Leon County educators applaud Gov. DeSantis’ decision to eliminate standardized testing
TALLAHASSEE, Fla. (WCTV) - Governor Ron DeSantis announced at a press conference on Tuesday that the state will completely eliminate standardized testing, starting in the 2022 school year.
Florida schools will transition to a “progress monitoring system,” DeSantis explained, that will replace the traditional one big high-pressure test at the end of the school year with three shorter tests in the Fall, Winter and Spring. Administrators say this will reduce pressure on students and allow teachers more flexibility in tailoring their curriculums to fit students’ needs.
Leon County educators and administrators are applauding Governor DeSantis’ decision to eliminate standardized testing in Florida.
“The bottom line is, teachers are gonna teach. The question is, what is it that we’re gonna focus on? Learning or testing?” said Leon Classroom Teachers Association President Scott Mazur.

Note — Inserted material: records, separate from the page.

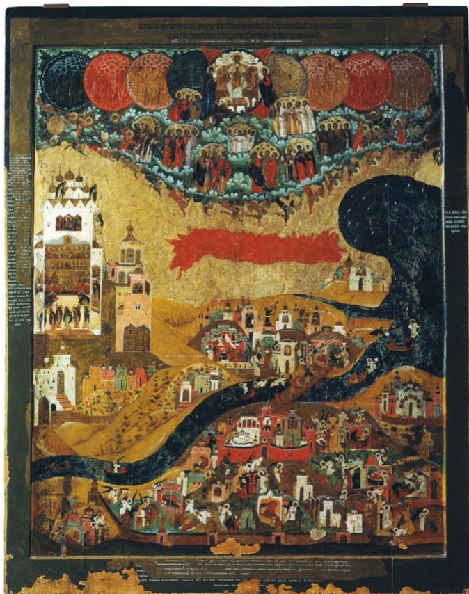
Ил. 3. Икона «Видение пономарю Тарасию». Новгород, XVII в.

Один из наиболее известных памятников моления святого за город, жители которого не исполняют волю Бога, – «Видение пономарю Тарасию» (ил. 3), вначале существовавший в виде отдельного сказания (и самостоятельного иконного образа) [Видение пономаря Тарасия 1984], а затем вошедший в Распространённую редакцию Жития Варлаама Хутынского.
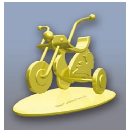
Das «goldene Dreirad», der ETH-Preis für familienfreundliche Vorgesetzte.
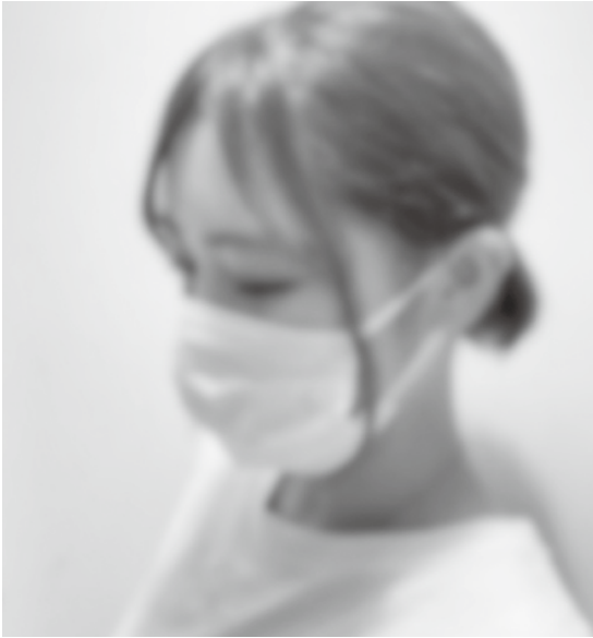
体調を優先しマスク着用を

教育長 マスクの着用は十分な身体的距離が確保できる場合や体育、登下校などにおいて着用は必要ない。
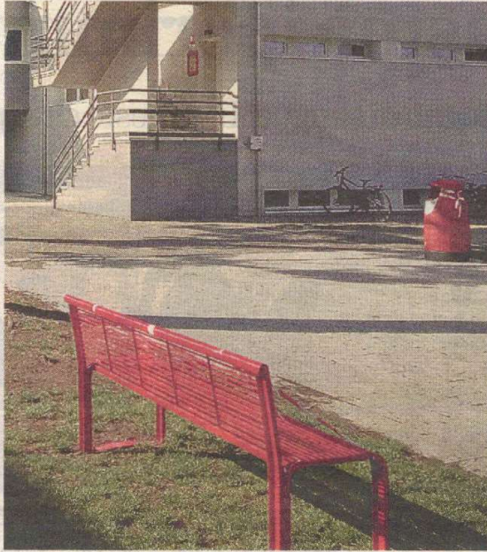
La panchina rossa inaugurata a Lugagnano

Nel cortile delle medie di Lugagnano c'è una panchina rossa in memoria di Ilenia Fabbri e di tutte le vittime del femminicidio. È stata inaugurata venerdì dalle classi terze, nell'ambito del piano del ministero dell'Istruzione sull'educazione al rispetto di genere.
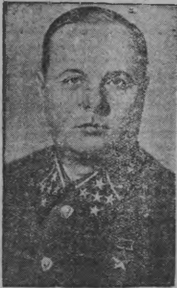
РККА-лэн Генштабелэн началь- никез, армилэн Генералэз Ки- рилл Афанасьевич Мерецков.

Вань та азын сылсь уж'ессыз Великой Октябрь-лэн XXIII годовщинаезлы дасяськон лозунг улсын быдэс'яны кулэ. Колхоз'есын, бригадоосын, звеноосын но колхозник'ес пöлын организовать кароно пред-октябрьской социалистической соревнование.
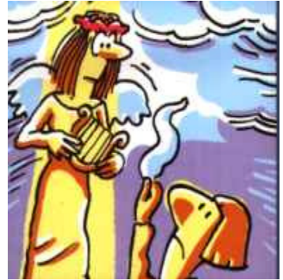
Mes, pobreta, la Isabel prompte se'n va cap al cel.
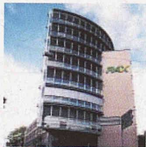
Gewerbe- und Wohnbau
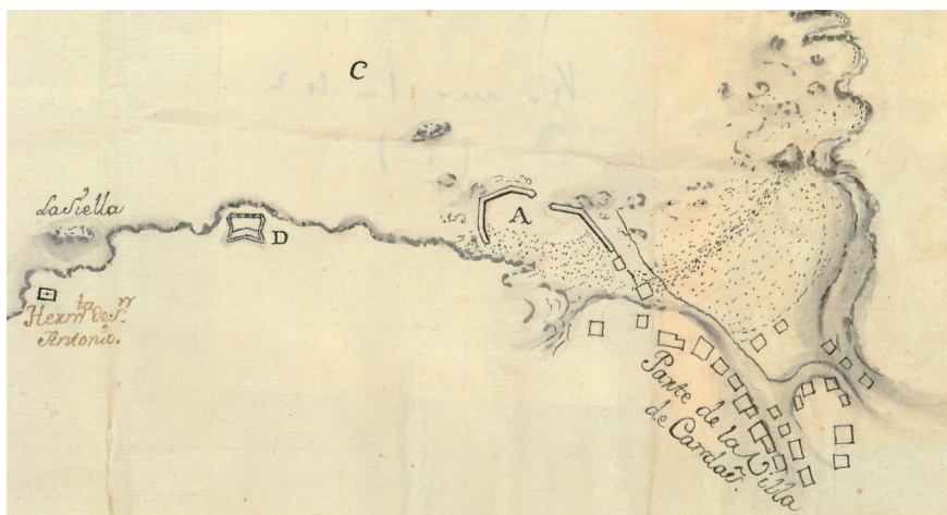
Fig. 4. Demostración de la rada y puerto de Candás en el principado de Asturias, s.f. (1763). CAGMM, O-01-02.

muelle aunque en parte arruinado; parece tratan sus vecinos de su recomposición” (CAGMM, O-01/02 y O-01/03, leyenda A). Una explicación a su situación es que sí fuera restaurado (han pasado tres décadas desde los préstamos), pero que una vez más el océano hubiera triunfado sobre el hombre.
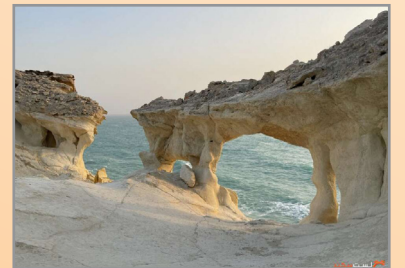
«تب» نگینی در غرب هرمزگان

گوشه گوشه سواحل خلیج فارس پر از مناطق جذابی است که هر گردشگری را شگفت‌زده می‌کند. در سواحل خلیج فارس پدیده‌های زیبایی بسیار زیادی وجود دارد که می‌تواند موجب آرامش و هیجان گردشگران شود. آب و هوای معتدل و آفتابی درخشان، چشم‌اندازهای بی‌نظیر، ترکیب دریا، دشت و کوه، همه با هم حس ناب و تازه را برای انسان به ارمغان می‌آورند که شاید مانند این حس را جایی تجربه نکرده باشید.
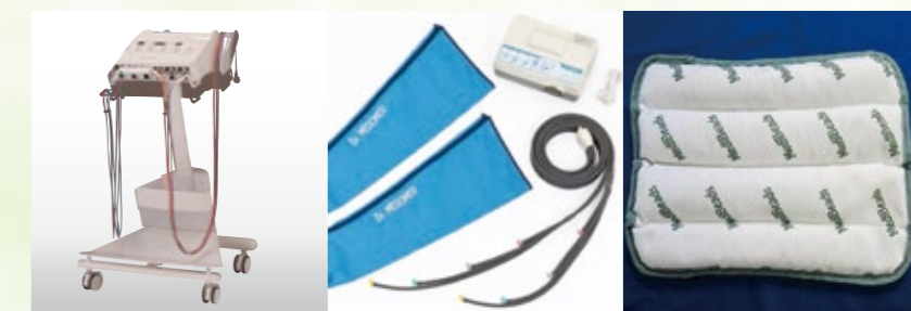
低周波治療器 (痛みの緩和) メドマー (むくみの軽減) ホットパック (筋肉のコリを軽減)
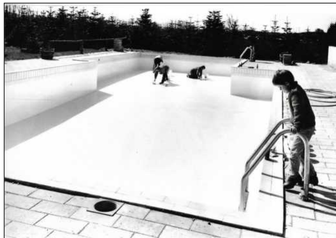
Svømmebad under udførelse i 1970

Svømmebadet som lavet i 1970 blev hurtigt et tilløbs stykke for campingpladsens teltliggere og omegnens beboere. Det kostede 100.000 kr. at få det installeret, først blev det opvarmet til 25 grader med oliefyr. I 1980 blev fyret skiftet ud med et brændefyr til stor besparelse, Poul fik sat kasser op til indsamling af pap, papir og andet brændbart til fyret.
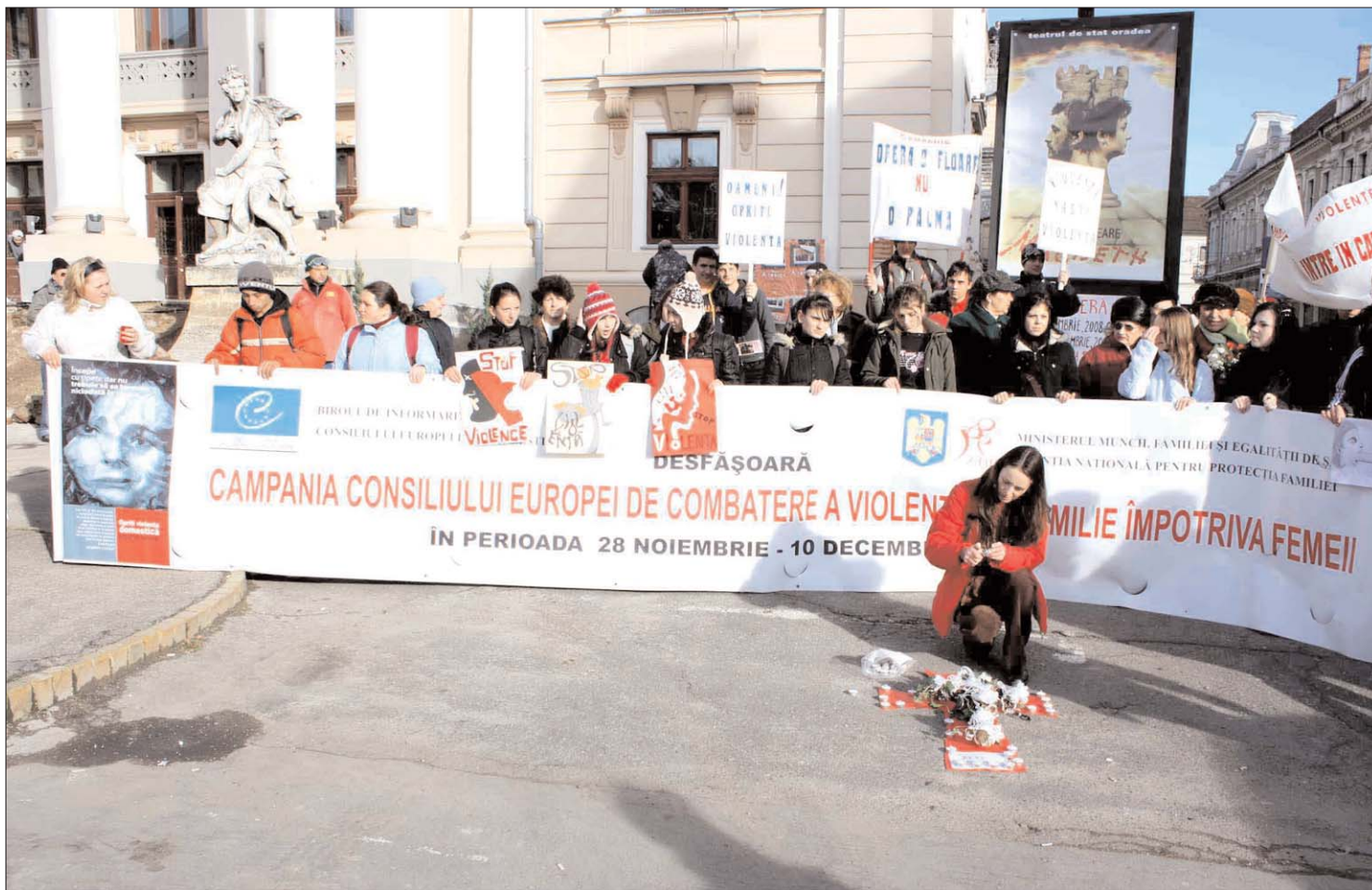
Március 8. tüntetésekkel. A nők egyenjogúságért fellépő szervezetek a nők nemzetközi napjára demonstrációt terveznek Bukarestben

A jogvédők szerint a hatóságok tehetetlenek a családon belüli erőszakkal szemben
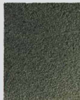
FLORESTA AMAZÔNICA Densa e Exuberante
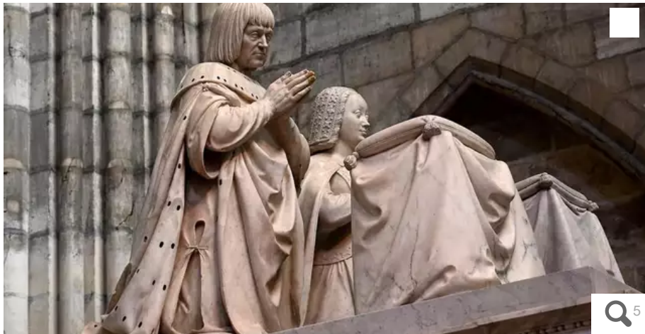
Le tombeau de Louis XII et Anne de Bretagne dans la basilique Cathédrale de Saint-Denis.

Le 7 août 1532, les États de Bretagne signaient un traité d'alliance avec François Ier, roi de France. Cet acte d'union mettait fin à près de mille ans d'indépendance. Le magazine «Bretons» plonge dans les coulisses de l'Histoire pour faire le récit de cette soumission.
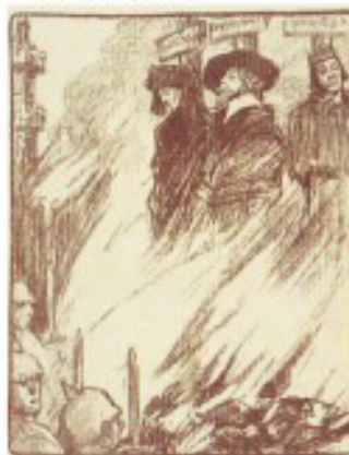
Louis Raemaekers. De Kunst gekruisigd Leuven, Universiteitsarchief, Verzameling Eerste Wereldoorlog

De komst van de nieuwe beiaard was de inspiratie voor deze tentoonstelling
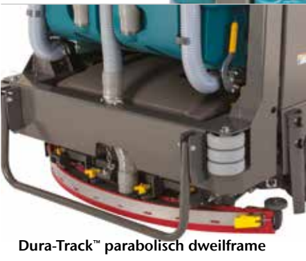
Dura-Track™ parabolisch dweilframe

Beschermkap beschermt gebruikers tegen vallende voorwerpen.
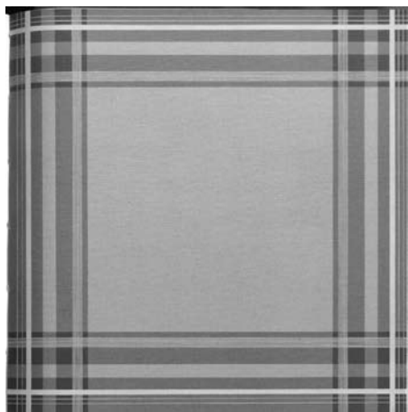
Daan van Golden, Compositie met blauwe ruit , 1964

voorbijgaan. Totdat het me opviel dat die zakdoek ongelofelijk zorgvuldig was geschilderd, met meer intensiteit en perfectionisme dan een zakdoek eigenlijk waard was. Of niet? Dat schilderij had de kwaliteit dat het zonder dat je er erg in had een meditatief nadenken over kunst, en over kunst en leven tot stand bracht. ... Het werk was een opwekker van overwegingen, zoals middeleeuwse kunstvoorwerpen voor particuliere devotie dat kunnen zijn. 3 Spiritualiteit wordt zo wel een heel breed begrip.

When asked about the standardized testing, Superintendent of Leon County Schools Rocky Hanna, said, “I just don’t think it’s healthy for our kids. If you’re dedicating the entire month of April and made a testing, there’s not a lot of learning that’s going on because we’ve shut the school down, just to accommodate for that one single test.”
Under DeSantis’ new legislative proposal, schools will instead use a system of progress monitoring to evaluate student performance throughout the year.
“If you look at what we’re doing, this is gonna be more student friendly, more teacher friendly and more parent friendly,” said DeSantis.
The governor says under this new system, students will spend 75% less time time testing, leaving more time for learning.
“I think progress monitoring throughout the course of the year periodically is going to serve our school districts in our state much better than a single standardized test,” said Hanna.
Under the current system, elementary schools in Leon County are evaluated solely based on their performance on the Florida Standards Assessment, meaning schools that don’t perform well get less funding. Superintendent Hanna hopes the new system will make things more equitable.